For one of our College open evenings, I decided to make a traditional buzz wire game. The components I used for the project are given below:
- Adafruit Diffused 10mm LED Pack – 5 LEDs each in 5 Colors – 25 Pack £2.50
- Switched Battery Box 4xAA (6V) £1.80
4 X AA batteries
Toggle Switch (SPST) X 2 £6
- ABS BLACK PLASTIC ELECTRONICS PROJECT BOX ENCLOSURE 150 X 100 X 60MM £7.35
- Adafruit Silicone Cover Stranded-Core Wire – 2m 26AWG Red £1
- Adafruit Silicone Cover Stranded-Core Wire – 2m 26AWG Black £1
- Piezo Transducer – 12V Buzzer (5200Hz) £1.50
- Delivery £2.99
- The PiHut’s Jumper Bumper Pack (120pcs Dupont Wire) £6
- Wednesbury Compression Copper Pipe (Dia)15mm (L)2m, Pack of 1 £5.40
- Hook from a wooden coat hanger £2 Poundland stores
- Handle – cut from an old broken broom handle
- Solderless Prototype Breadboard 400 or 830 Tie Points + optional 65 Jumper Wires £3.25
- Resistor 330 ohm £1.99
- A piece of wood about 1m long
- Soldering iron
- Wire strippers
- Hot Glue gun & glue rods
- Double sided tape pad
- Insulation tape black.
- Copper pipe bender
- Drill, drill & router bits
The copper pipe used for the project was supplied by Ali in the plumbing department who also kindly bent the pipe into a buzz wire game shape. I then drilled two holes into a piece of scrap 2 x 4 wood from the carpentry department and pushed the ends of the copper pipe through the holes. The holes were tight enough that this actually holds the pipe nicely in place although you could also attach end caps and/or hot glue the pipe in place if necessary.

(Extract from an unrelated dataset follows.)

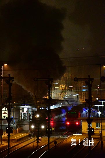 撮影地のこの日あたりの日没時間は16時37分(冬時間のため日本との時差は8時間)であった。 よってこの時間より遅い列車は夜汽車の雰囲気となる。 |

At first I assembled the electronics and tested they worked before fitting into the projects components box. I could have wired everything properly and soldered all the connections but I quite liked the diy project look you get from using a bread board and dupont wires. It can also be easily dismantled and repurposed for future projects.
The circuit is simple and uses a battery box with 4 x AA batteries providing 6 volts. Voltage is supplied from this to the breadboard and then to a toggle switch then a pizeo speaker across to the negative rail of the breadboard which is connected to the handle with a hook.
The positive rail also supplies voltage to another toggle switch, a resistor to limit current and then to a 10mm bright LED and again back to the negative rail and handle/hook.
One end of the copper pipe is then connected to the negative battery terminal with a soldered wire.
The two toggle switches mean that the light and the buzzer can be independently switched on/off i.e if someone touches the copper pipe with the handle/hook then the buzzer will sound only, the led will light only, both will buzz and light or nothing will come on at all.
Once the wiring was complete, I drilled a hole through the wooden base and brought the black lead that attaches to the copper pipe up through it. I also drilled a hole into the black box and pulled the wire through the bottom of this and then screwed the black box to the wooden base to secure it. The breadboard was then stuck to the inside of the box using its self adhesive tape and the battery box was secured inside using a doublesided tape pad.
Two holes were also drilled into the lid of the black box and the toggle switches were pushed through and secured using their nuts. Another small hole was made for the piezo buzzer wires to pass through the lid inside the box and one more hole for the legs of the large LED to pass through. The buzzer and LED were then hot glued into place and the wires were attcahed to the undserside of the lid. The lid could then be closed and secured using its four screws.
The handle was made by cutting an old broom handle down to about 5 inches length and drilling a hole through the middle at both ends. I then took a wooden coat hanger, and removed its hook and soldered a cable to this which then passed through the hole in the handle and attached to the project components box and breadboard. I used a small amount of hot glue to help hold the wire securely in the handle. Crude but it works.
Total project time around 2 hours. I made use of some parts from the College but if you had to buy everything from scratch it would only cost around £30 in total. The final size was about 1m wide (0.75m for the actual pipe part) and about 0.5m tall.